◆ Exercise details
Look below for the line containing "Women Medium Blue" and the line containing "- 1x Estuche", then set down both and every line between them exactly, without pictures.
┌─ Listed records
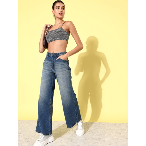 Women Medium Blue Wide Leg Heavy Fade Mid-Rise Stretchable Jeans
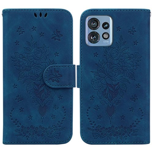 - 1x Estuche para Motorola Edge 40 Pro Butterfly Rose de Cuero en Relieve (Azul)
└─
┌─ Listed records
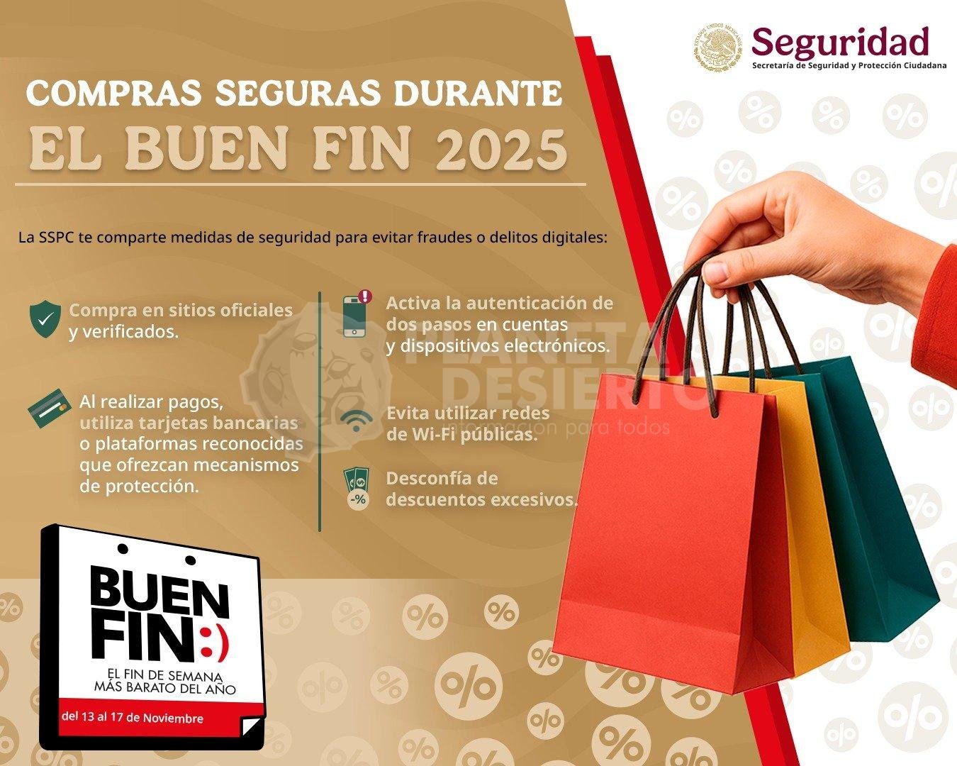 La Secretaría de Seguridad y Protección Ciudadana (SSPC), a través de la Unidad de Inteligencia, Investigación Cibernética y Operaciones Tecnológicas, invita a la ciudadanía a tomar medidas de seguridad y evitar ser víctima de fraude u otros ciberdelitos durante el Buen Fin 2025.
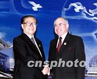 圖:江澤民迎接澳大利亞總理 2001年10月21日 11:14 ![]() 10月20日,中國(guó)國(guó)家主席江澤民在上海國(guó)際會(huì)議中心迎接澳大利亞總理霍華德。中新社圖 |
└─
◆ Reply to the exercise
 Women Medium Blue Wide Leg Heavy Fade Mid-Rise Stretchable Jeans
 - 1x Estuche para Motorola Edge 40 Pro Butterfly Rose de Cuero en Relieve (Azul)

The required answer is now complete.